Behind us, Reagan cleared his throat, He said, “I’ll give this much of the list to the operator. He can get it on the ether right after midperiod.” He went out and shut the door behind him.

Michaelina seemed to move a little closer. We were both looking out the window at Placet rushing toward us. She said, “Beautiful, isn’t it, Phil?”

“Yes,” I said. But I turned, and I was looking at her face as I said it. Then—I hadn’t meant to—I kissed her.

I went back, and sat down at my desk, She said, “Phil, what’s the matter? You haven’t got a wife and six kids hidden away somewhere, or something, have you? You were single when I had a crush on you at Earth Polytech—and I waited five years to get over it and didn’t, and finally wangled a job on Placet just to—Do I have to do the proposing?”

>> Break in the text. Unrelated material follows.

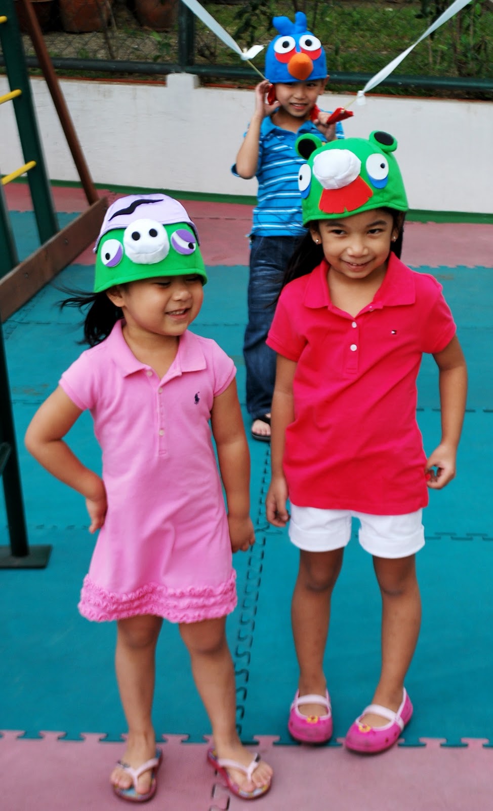 | I let the kids wear Angry Bird and Pig hats. These little girls look so adorable! =) |
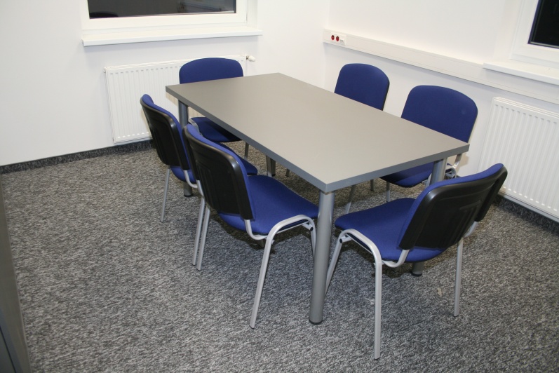 Niewielki stolik konferencyjny na stelażu metalowym malowanym proszkowo na kolor Ral 9006 wykonany z płyty meblowej Pfleiderer w kolorze Antracyt U 1290. Do zestawu dodano także szafy aktowe.

I groaned. I didn’t look at her. I said, “Mike, I’m nuts about you. But—just before you came, I sent a two-word radiotype to Earth. It said, ‘I quit.’ So I’ve got to leave Placet on this shuttle of the Ark, and I doubt if I can even get a teaching job, now that I’ve got Earth Center down on me, and—”

She said, “But, Phil!” and took a step toward me.

There was a knock on the door, Reagan’s knock. I was glad, for once, of the interruption. I called out for him to come in, and he opened the door.

He said, “You told Mike yet, Chief?”

I nodded, glumly.

Reagan grinned. “Good,” he said; “I’ve been busting to tell her. It’ll be swell to see Ike again.”

“Huh?” I said. “Ike who?”

Reagan’s grin faded. He said, “Phil, are you slipping, or something? Don’t you remember giving me the answer to that Earth Center radiotype four days ago, just before Mike got here?”

I stared at him with my mouth open. I hadn’t even read that radiotype, let alone answered it. Had Reagan gone psychopathic, or had I? I remembered shoving it in the drawer of my desk. I jerked open the drawer and pulled it out. My hand shook a little as I read it: REQUEST FOR ADDITIONAL ASSISTANT GRANTED. WHOM DO YOU WANT FOR THE JOB?